Several studies have investigated the landscape of plasma proteins in MIS-C to gain insight into its pathogenesis and identify biomarkers that are distinctive for MIS-C4,5,6. Most were structured toward discovering candidate proteins rather than assessing their ability to discriminate MIS-C from comparator diseases. In the present study, we integrated data-independent acquisition mass spectrometry (DIA-MS)7 and artificial intelligence to develop an analytical framework for biomarker selection and validation. We used mass spectrometry to identify proteins; support vector machine (SVM)8, a machine learning approach, to identify proteins distinguishing subjects as having MIS-C or an identified alternative disease; and receiver operating characteristics (ROC) curves to assess the resulting model’s discrimination accuracy. Our work has also resulted in an open-access SVM-based analytical tool and a robust dataset that enables the validation of protein biomarker signatures for MIS-C.
Materials and methods
Study participants
We enrolled participants ≤ 21 years old (Table 1) and collected blood samples at nine sites from four states (CT, NJ, NY, OH). Children and youth with MIS-C were classified in accordance with the 2020 U.S. Centers for Disease Control criteria, which include a recent history of SARS-CoV-2 infection, signs of inflammation and involvement of at least two organ systems, and no alternative plausible diagnosis3. Pneumonia was defined by the presence of an infiltrative process in the lung parenchyma on chest radiography secondary to infection (viral or bacterial), without evidence of concurrent SARS-CoV-2 infection. Diagnosis of Kawasaki disease (KD) was based on established criteria9. All pneumonia and KD participants tested negative for SARS-CoV-2 at enrollment. For all disease conditions, blood for proteomics analysis was collected during hospitalization. Controls in our study were subjects with a history of mild or asymptomatic SARS-CoV-2 infection who were defined as having a positive SARS-CoV-2 test and presenting in the outpatient setting with no symptoms or symptoms not requiring inpatient care before sample collection.

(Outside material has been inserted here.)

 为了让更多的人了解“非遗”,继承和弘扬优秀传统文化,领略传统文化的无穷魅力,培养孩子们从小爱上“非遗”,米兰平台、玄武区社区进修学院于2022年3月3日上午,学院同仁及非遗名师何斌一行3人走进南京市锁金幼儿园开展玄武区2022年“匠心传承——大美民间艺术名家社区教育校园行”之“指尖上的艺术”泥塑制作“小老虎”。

Sample preparation for mass spectrometry
Plasma (10 µg per sample) was diluted in 50 mM HEPES, 50 mM EDTA, and 2% SDS. It was reduced with 5 mM DTT for 30 min at 60 °C and alkylated with 20 mM iodoacetamide for 1 h at room temperature and in the dark. The sample was then subjected to SP3 beads digestion with trypsin (sequencing grade, Thermo Fisher Scientific) in 100 mM ammonium bicarbonate, 2 mM CaCl2, and incubated at 37 °C overnight, as described10. Peptides were acidified with formic acid, and 10.0% of each sample was analyzed by liquid chromatography–tandem mass spectrometry (LC–MS/MS).

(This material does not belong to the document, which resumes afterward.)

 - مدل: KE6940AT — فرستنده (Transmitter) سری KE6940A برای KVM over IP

Liquid chromatography–tandem mass spectrometry
Samples were analyzed by data-independent acquisition mass spectrometry (DIA-MS)7 using a Dionex Ultimate 3000 RLSCnano System (Thermo Fisher Scientific) interfaced with an Orbitrap Eclipse Tribrid mass spectrometer (Thermo Fisher Scientific). Briefly, samples were loaded onto a fused silica trap column, Acclaim PepMap 100, 75 µm × 2 cm (Thermo Fisher Scientific). After washing with 0.1% trifluoroacetic acid, the trap column was brought in-line with an analytical column (Nanoease MZ peptide BEH C18, 130 A, 1.7 µm, 75 µm × 250 mm, Waters) for LC–MS/MS. Peptides were fractionated at 300 nL/min using a segmented linear gradient 4–15% A + B in 30 min (where A: 0.16% formic acid, 80% acetonitrile, and B: 0.2% formic acid), 15–25% A in 40 min, 25–50% A in 44 min, and 50–90% A in 11 min. Solution A was then returned to 4% for 5 min for the subsequent run. Samples of different groups were loaded in alternating fashion. Pooled samples were digested alongside the individual samples and loaded first 3 times to condition the column and run every 10 samples. MS scan range was set at 400–1200, resolution 12,000 with AGC set at 3E6 and ion time set as auto. An 8 m/z window was set to sequentially isolate and fragment the ions in the C-trap with a relative collision energy of 30. The MS/MS data were recorded with a resolution of 30,000.

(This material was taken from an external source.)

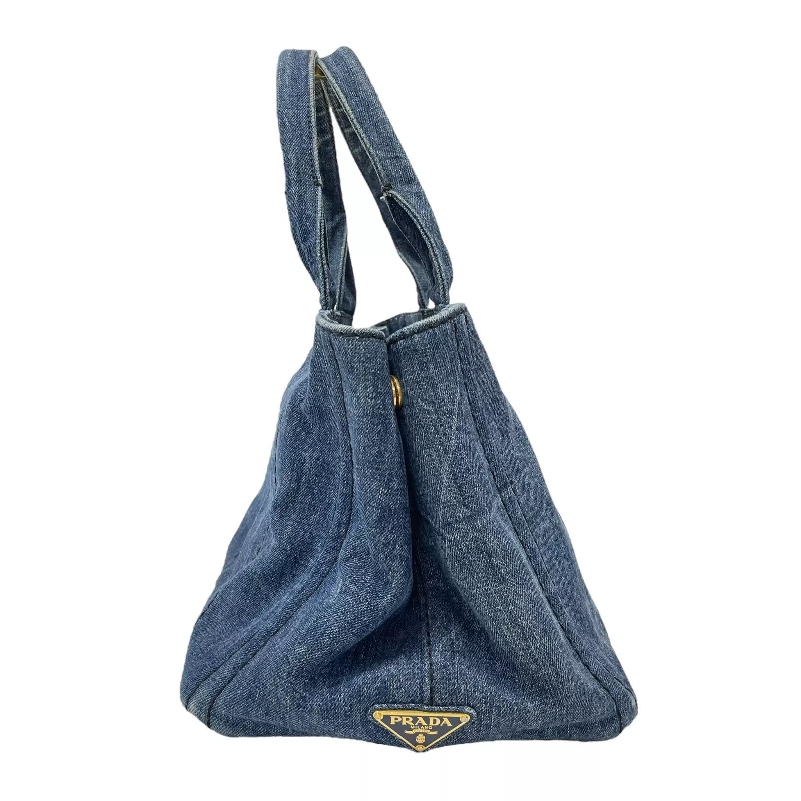 PRADA CANAPA DENIM SHOPPER TOTE BAG

Raw data were analyzed using an in-silico predicted peptide library generated from the UniProt human reference proteome for library-free database searching using DIA-NN 1.8.111. Results were filtered for posterior error probability for the precursor identification of < 1% and Protein Group Q value, also < 1%. Protein abundance was quantified using the MaxLFQ method and used for downstream analysis12.
Mass spectrometry data analysis
MaxLFQ values were log2-transformed before statistical analysis. We fitted a linear model comparing diseased to control for each protein. In our initial protein screen we included, for each protein, only samples with < 50% missing data. The result of these fitted models was, for each protein, an estimate of the log2 abundance ratio and its standard error, from which we calculated a p value. To adjust for multiple comparisons, we converted the raw p values to Holm p values13. To control the false discovery rate, we calculated q values from the raw p values using the Benjamini–Hochberg method. All calculations were made using the R system and package libraries (https://www.R-project.org/).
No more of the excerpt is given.